Our primary analysis focused on variants common across ancestries, but we also conducted a secondary analysis on ancestry-specific variants. We identified 144, 181, and 319 genetic variants associated at genome-wide significance with ALT, AST, or ALP, respectively, in UKBB but not in the meta-analysis (Supplementary Data 57). There were also two and five genetic variants associated with ALT and AST at genome-wide significant levels, respectively, in BBJ but not the meta-analysis (Supplementary Tables 67); there were no genome-wide significant BBJ-specific ALP genetic variants. UKBB-specific variants included exonic variants in SERPINA1 (Supplementary Data 7) and HFE (Supplementary Data 5) responsible for the alpha-1 antitrypsin Z phenotype and hereditary hemochromatosis, respectively19,20, with a disease causing allele frequency of 0.02 and 0.08, respectively, in UKBB and are not present (monomorphic for the major allele) in BBJ, highlighting one reason certain liver diseases are more prevalent in certain populations. Other reasons for some genetic variants not being present in BBJ include lower sample size or poor genotyping or imputation quality. 71% of associations for ALT, 81% of associations for AST, and 70% of associations for ALP in BBJ are directionally consistent with effects in UKBB when effects in both are seen suggesting that 32, 59, and 54 of these associations are likely to represent true associations for these traits (sign test p < 0.0004).

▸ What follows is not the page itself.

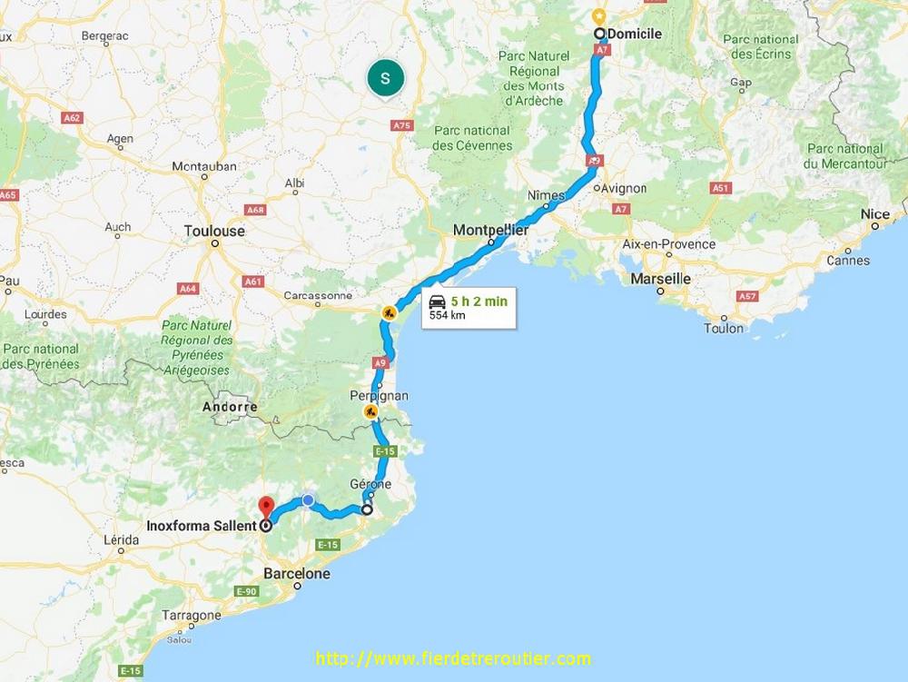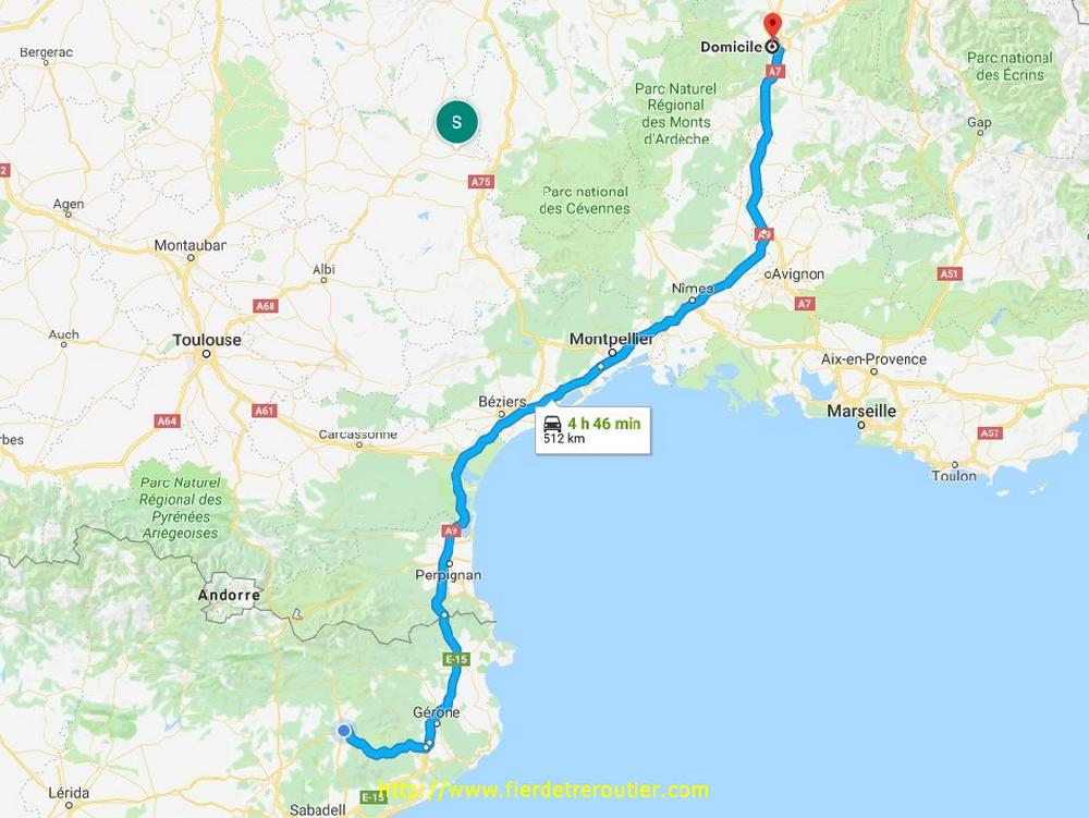 Evidement, bien que je garde tout, je suis chargé à l'envers. Mon chef m'a quand même donné le choix : Normandie ou Catalogne. Des fois je me demande à quoi il pense ! Quel être humain prefererai aller en Normandie, sauf bien sûr s'il est normand ? Donc, aidé par Mister Franck, je refais mon voyage, le temps de faire les pleins, dire une mechanceté à Régis je repars du dépôt un peu avant 16h. J'ai devant moi 4h08 pour rejoindre Narbonne, c'est un peu court, mais j'ai un Volvo. Certes c'est l'hotel des courants d'air, mais ça marche bien un Volvo. Depuis hier, je roulais à 82 sans plaques orange, cet aprème je suis à 90 avec les plaques, et tout le monde regarde de travers, quelle injustice ! LOL. Le ciel bleu disparait après Valence, étrangement il y a de gros nuages JUSTE au dessus du magnifique chateau classé au patrimoine de l'UNESCO de Crussol. Va comprendre Charles ! Finalement, je me radine avec 5 minutes de marge au centre routier, et coucouche panier le chien.
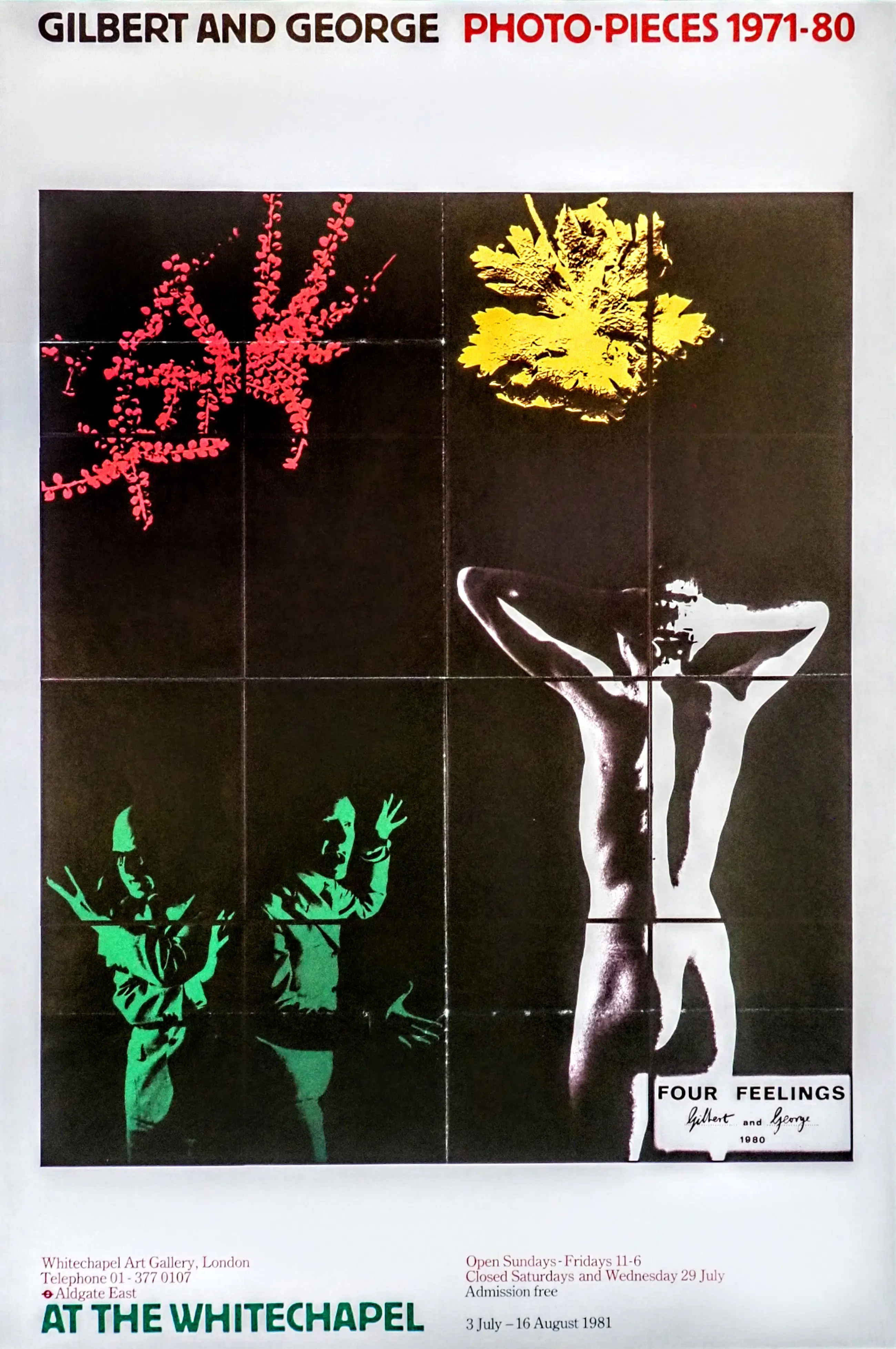 Tentoonstellingsaffiche uitgegeven ter gelegenheid van de tentoonstelling van Gilbert & George bij de White Chapel Gallery. Het is het originele affiche

We found overall congruency of effect of most the alleles in men and women with most not having significant p values for heterogeneity across sexes in UKBB. We identified 7 ALT, 5 AST, and 8 ALP alleles with Bonferroni-adjusted significant heterogeneity of effect between men and women (Supplementary Tables 810) and report the effects in men and women separately for these. None of these alleles had opposite directions of effect in men and in women, and only three variants were significantly associated with a liver enzyme in one sex but not the other (Supplementary Table 9).

Gene, pathway, and tissue analyses

We used DEPICT21, a program that uses GWAS-prioritized genes and gene co-expression patterns across cells and tissues, to identify tissues, pathways, and genes (using an FDR < 0.05) that are enriched for associations with a trait (Fig. 3; Supplementary Data 813). For ALT, AST, and ALP-prioritized genes, liver was consistently the most enriched tissue. In addition to liver, ALT-prioritized genes were enriched in small intestine, pancreas, adrenal, and adnexa (Fig. 3A, Supplementary Data 8), while AST-prioritized genes were enriched in hematopoietic cells and spleen, joints, adrenal glands, and blood vessels (Fig. 3A, Supplementary Data 9). ALP-prioritized genes were enriched in the entire gastrointestinal tract and pancreas, adrenal glands, and primary and secondary sexual organs (Fig. 3A; Supplementary Data 10). The union of the gene sets enriched among ALT-, AST-, and ALP-increasing alleles included pathways related to metabolism of lipids/lipoproteins, carbohydrates, retinol, and arachidonic acid, as well as PPARA activation, retinoid X receptor, cytochrome P450, and complement/coagulation cascades (Fig. 3B; Supplementary Data 1113). AST-specific gene sets included inflammatory gene biology: NOD-like, Toll-like and chemokine receptor signaling, NFkB signaling, JAK-STAT signaling, and B cell biology (Fig. 3B; Supplementary Data 12). ALP-specific gene sets included different aspects of metabolism such as sex hormone activity/metabolism, cholesterol absorption, and glycerolipid metabolism (Fig. 3B), and ALT-specific gene sets included ABC transporters, metal ion SLC transporters, and hydrolase activity (Supplementary Data 11).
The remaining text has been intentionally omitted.